King Kamehameha IV died November 30, 1863, 15 months after his son. His brother Lot Kamehameha came to the throne of Hawaii as King Kamehameha V. Immediately Heuck was hired to start the construction of a building for the king and the son known as The Royal Mausoleum.

Built by Heuck in Nuʻuanu, Oahu at Mauna ʻala, the Royal Mausoleum was surrounded by a black fence, bearing the royal seal at the gate and built a small chapel which is located near the center. This was Heuck's second project. After finishing this structure on February 3, 1864, there was a large national funeral for the king.

==ʻIolani Barracks==
Built partially from coral blocks and blocks cut with prison labour, ʻIolani Barracks, also known as Halekoa, (House of warriors) was designed by Heuck in 1871 under the direction of King Lot Kapuaiwa (King Kamehameha V). The barracks was used by the kingdom's army, formerly called the "Household Troops" and housed about 60 soldiers. Heuck constructed the barracks to have a medieval castle look from Europe. It had coral block walls and a slate roof. It was surrounded by rooms once used by the guards as a mess hall, kitchen, dispensary, and lock up. This building was originally constructed in the site where the Hawai State Capital now stands. Every stone of Iolani Barracks was moved in 1965 to its present location at 364 South King Street on the Iolani Palace grounds. This was Heuck's third project completed and he spent an overbudgeted amount of $25,103.78. After the completion of this architecture Heuck's name was placed in the back of the barracks. The structure was placed on the National Register of Historic Places in 1978. After the overthrow of the Kingdom of Hawaii in 1893 the barracks was used on several occasions as headquarters for the National Guard of Hawaii. Now it has a palace shop, ticket office, video theater, and membership office.

==Controversy==
Theodore C. Heuck was awarded many times for his architectural work and has been recognized for his altruism. Controversy still was part of his life.
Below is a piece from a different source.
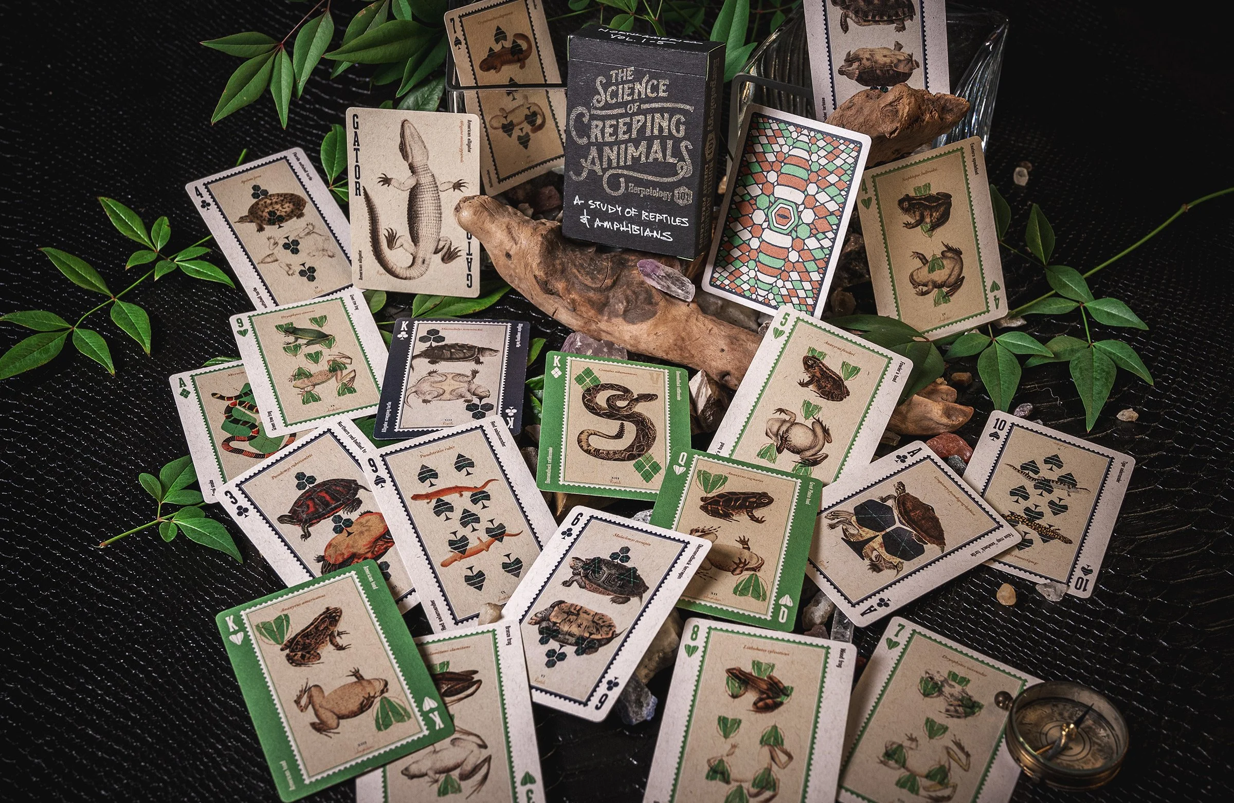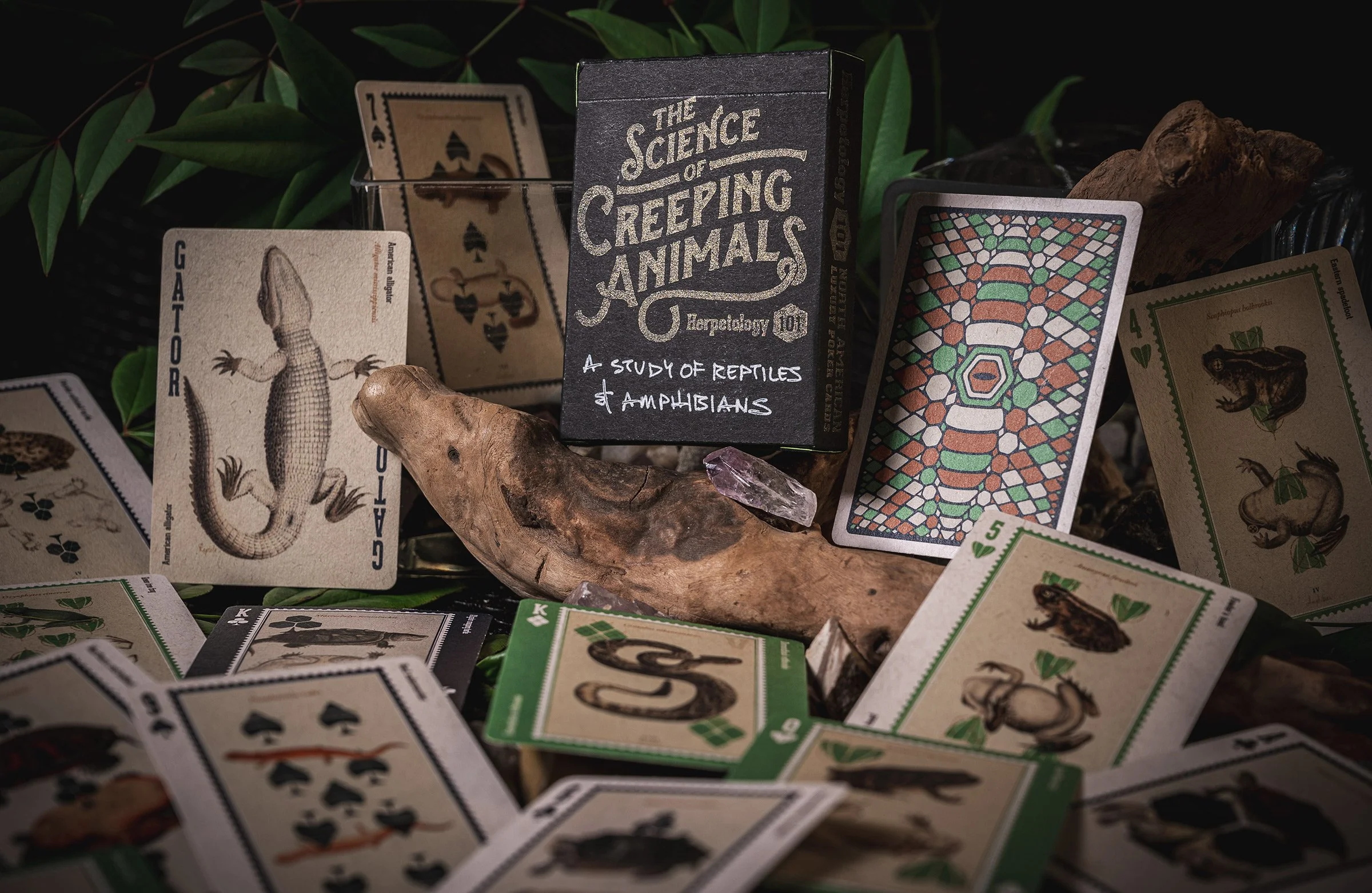 A lovingly curated poker deck of 54 vintage reptile and amphibian illustrations. Each suit features various snakes, frogs, turtles, and lizards found throughout the US as illustrated/cataloged by pioneering naturalist John Edwards Holbrook, M.D. circa 1842.

In 1870 Attorney General Stephen Henry Phillips claimed that Heuck was buying stolen whalebone to construct a building. This case continued until 1873 when both men went to court. During the trial, the jury decided Heuck was innocent. Meanwhile, Phillips was found guilty of presenting false evidence. Heuck was later attacked for getting "no bid" contracts on government projects while effectively serving as Director of Public Works.

==The end of a legacy==
Throughout his years in the islands, Heuck had an enthusiasm for his work and was gratified by people's reactions to what he had built. On September 28, 1874, Heuck left Honolulu and returned to his home in Hamburg, Germany. In 1877 he died in Germany.